22 March 2026 · LinkedIn
"Fearing he had agreed to a 'pushover' contract, Krafton's CEO consulted an artificial intelligence chatbot to contrive a corporate takeover strategy."
That is a direct quote from a Delaware court ruling issued this week. Not a parody nor a leak: A judge's finding of fact, entered into the public record of one of the most consequential commercial courts in the world.
Changhan Kim, CEO of South Korean gaming publisher Krafton, wanted out of a $250 million contractual payout. His own legal team told him there was no clean route. His head of corporate development warned him in writing that firing the studio's founders without cause would mean "lawsuit and reputation risk." He had every institutional resource a major company can provide.

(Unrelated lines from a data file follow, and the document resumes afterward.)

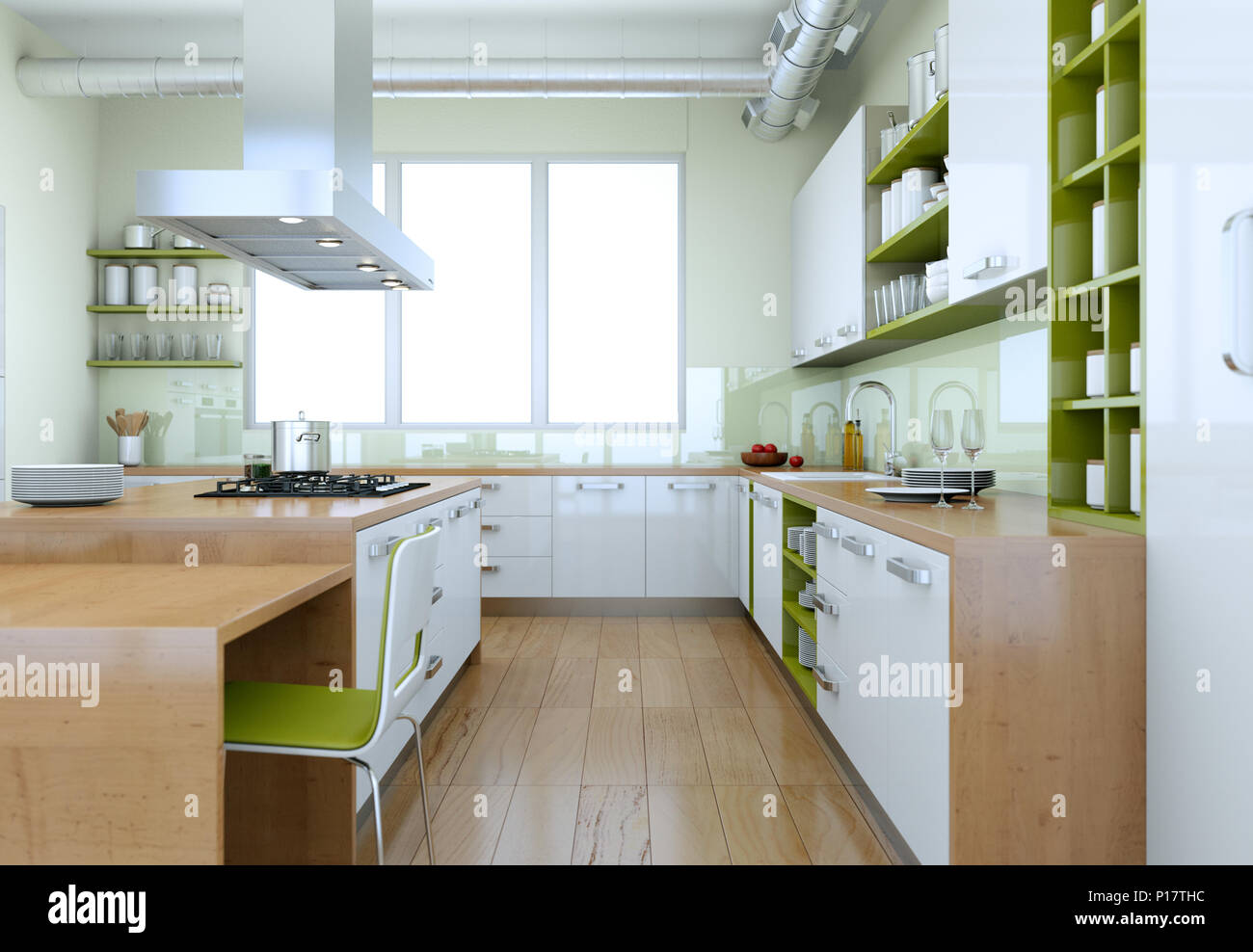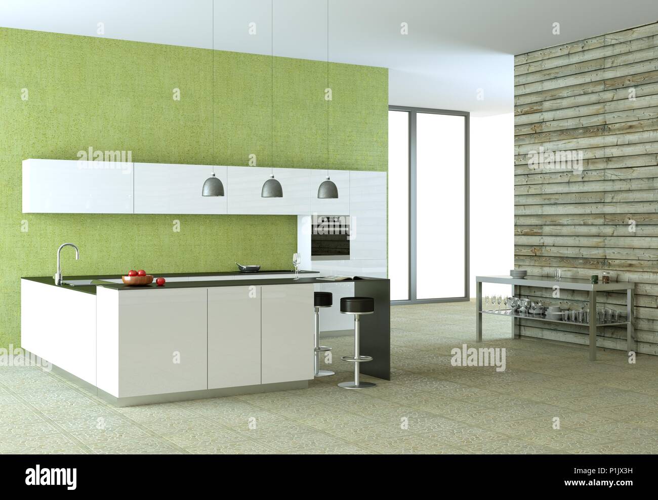 White Modern Kitchen With Green Wallpaper Stock Photo 207554693
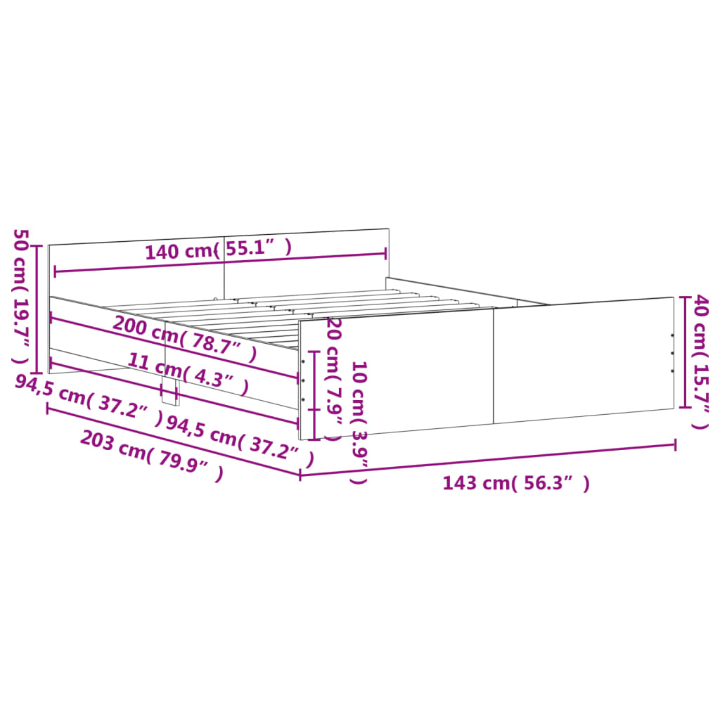 vidaXL Posteľný rám s čelom a opierkou nôh čierny 140x200 cm
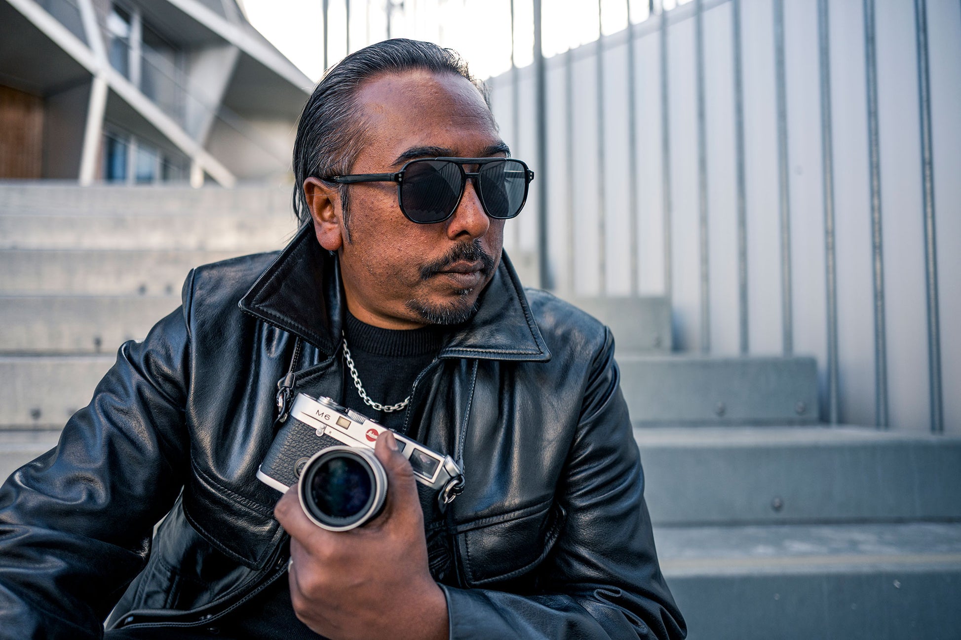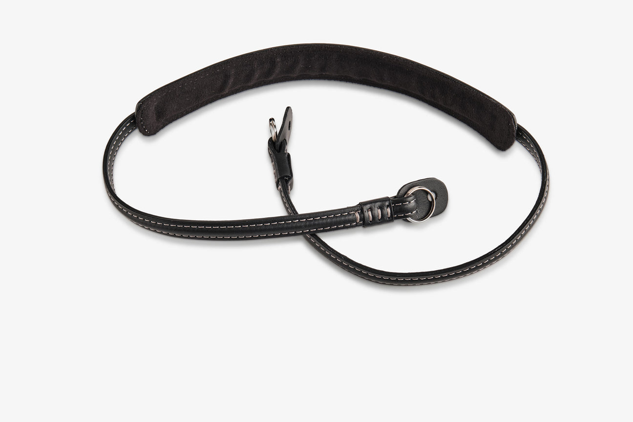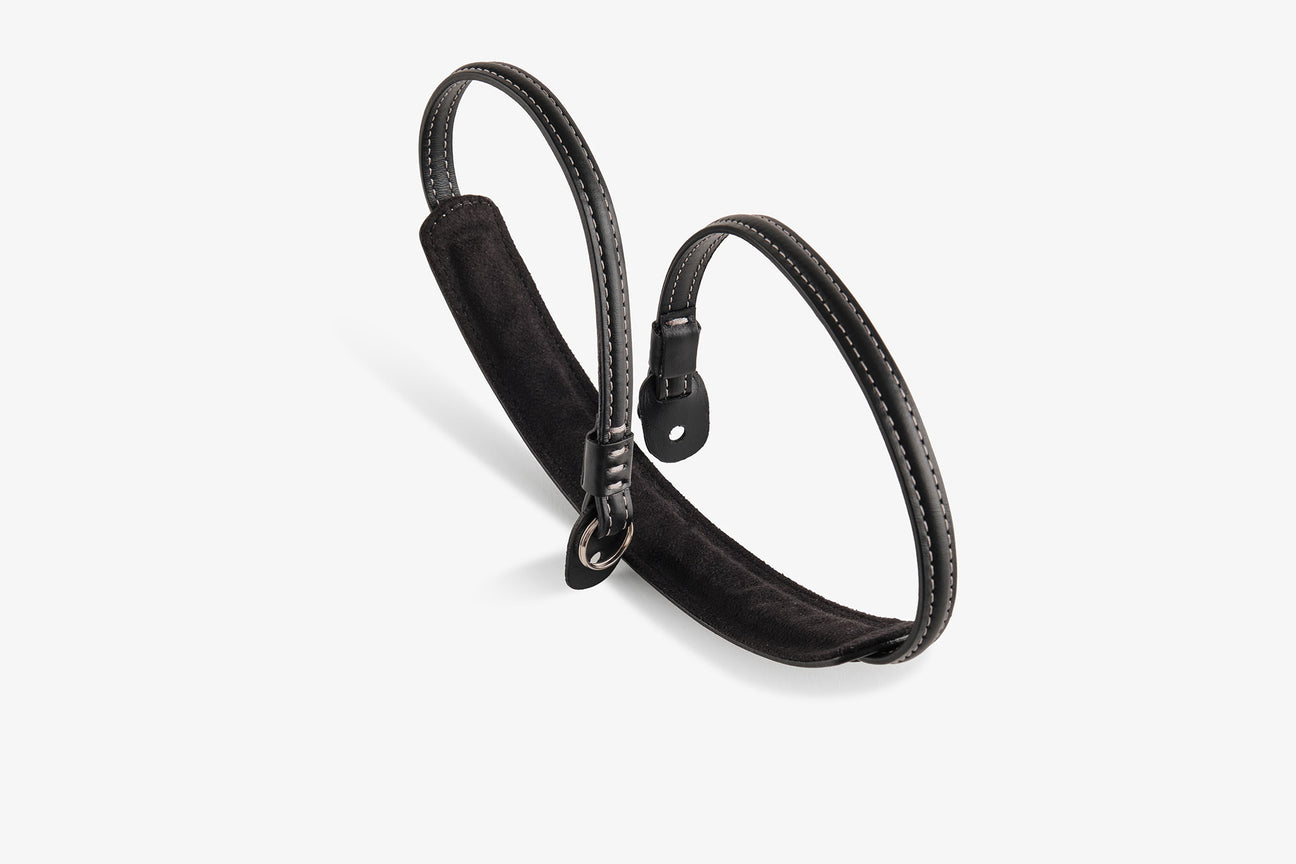The finest vegetable-tanned leather in classic black with silver decorative stitching pays homage to the iconic cameras of street photography - Leica M, Fuji X and Canonet. With its short length of 70 cm, the strap is ideal for street photographers who want to carry their camera close to the body and within easy reach - ideal for unobtrusive, intuitive work. An internal metal wire and a special technical textile ensure maximum cut protection and dimensional stability. The soft padded neck element distributes the weight evenly and ensures long-lasting comfort. Carefully finished seams and protective leather panels prevent scratches on the camera.

He ignored all of it, opened ChatGPT, and kept prompting until it gave him what he wanted. When the model told him the earnout would be "difficult to cancel," he pushed harder. It eventually produced a multi-stage takeover plan - codenamed "Project X" - complete with a messaging strategy for fans, which ChatGPT also drafted. Krafton followed most of it. The developers were fired. The studio was seized. The fan message backfired immediately.
The court ruled against Krafton on every count. The fired CEO is reinstated. The earnout window has been extended. The manufactured justifications were ruled pretextual. The comedy of it would be easier to enjoy if it weren't also a symptom.

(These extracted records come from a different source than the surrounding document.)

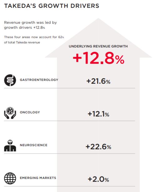 从营收来看,根据武田制药的财务数据显示,武田制药2018年的营收增长12.8%,其中主要受益于消化内科21.6%的增长,以及神经科22.6%的增长带动。
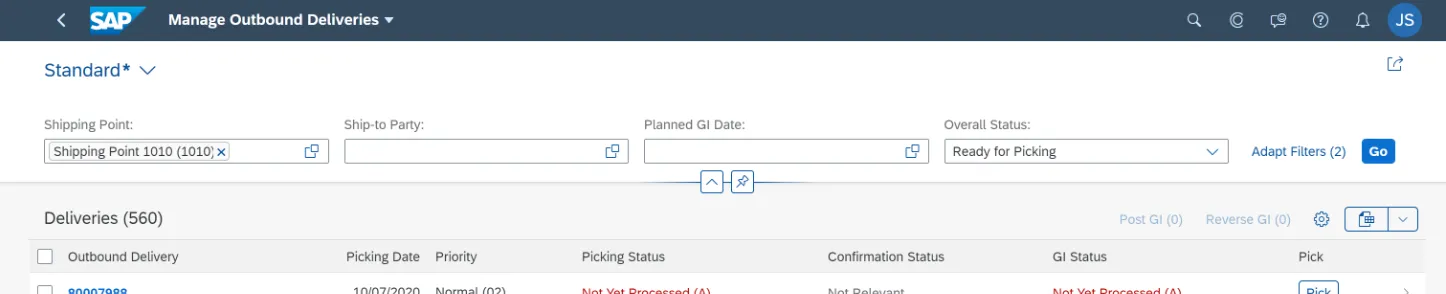 • Monitor deliveries due for picking or PGI (Post Goods Issue).
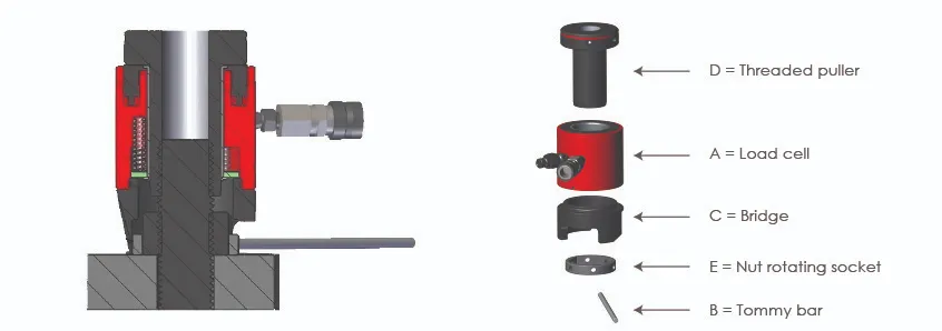 The table below provides all the information to select the components, comprising of short threaded adapter, load cell, small bridge, small nut rotating socket and tommy bar, to modify your existing tensioner to suit another bolt size. Changes are only possible within the same tensioner size. It is essential that all the components or selected conversion kits have the same suffix as the target tensioner size (i.e. B1, B2 or B3).
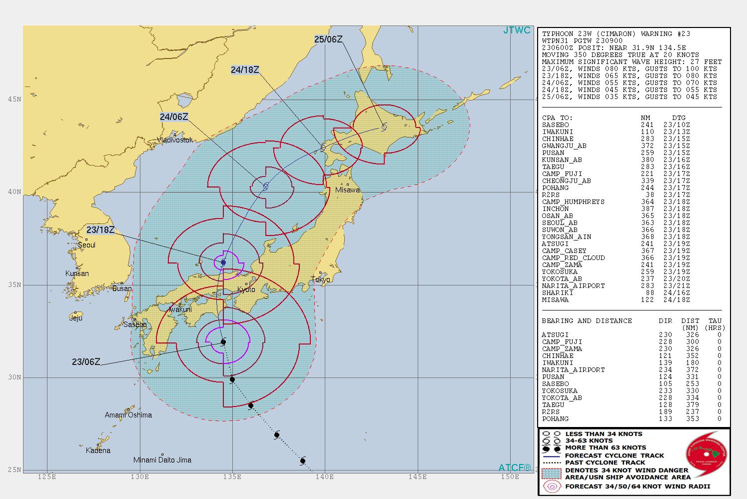 2018年8月23日木曜日14:00時点の米軍最新情報ですが、四国・近畿地方を目がけて北西に進み、中国地方・北陸地方にも影響を与えつつ日本海に抜けると米軍情報ではされていました。

We are entering a period in which AI will reshape commerce, governance, labour, and the rules of competition - faster than most institutions can track. The quality of leadership in that period is not an abstract concern. It determines, concretely, which futures remain available and which close off.

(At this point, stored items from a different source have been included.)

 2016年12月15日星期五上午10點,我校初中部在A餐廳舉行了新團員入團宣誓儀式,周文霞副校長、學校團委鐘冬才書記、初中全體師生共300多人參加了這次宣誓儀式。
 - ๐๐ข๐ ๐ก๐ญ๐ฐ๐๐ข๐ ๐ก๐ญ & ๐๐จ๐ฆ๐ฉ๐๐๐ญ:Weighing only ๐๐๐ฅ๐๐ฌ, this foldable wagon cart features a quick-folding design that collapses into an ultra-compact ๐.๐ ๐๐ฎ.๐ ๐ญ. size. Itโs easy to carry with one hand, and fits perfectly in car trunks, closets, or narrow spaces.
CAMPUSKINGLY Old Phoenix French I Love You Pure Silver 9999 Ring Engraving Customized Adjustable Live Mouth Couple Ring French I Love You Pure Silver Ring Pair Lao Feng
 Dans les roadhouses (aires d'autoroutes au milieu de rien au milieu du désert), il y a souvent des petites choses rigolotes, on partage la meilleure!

Kim did not fail because he used AI. He failed because he used it to avoid thinking - to launder a decision he had already made past the professionals whose entire function was to stop him making it.
The boardroom version of that failure is recoverable. A court ruling, a reinstated CEO, a nine-figure liability still pending.
The governance version is not.
The conversation about where AI takes us is already happening. The only variable is whether the people shaping it understand what they are holding - or whether they are still looking for a chatbot to tell them what they want to hear.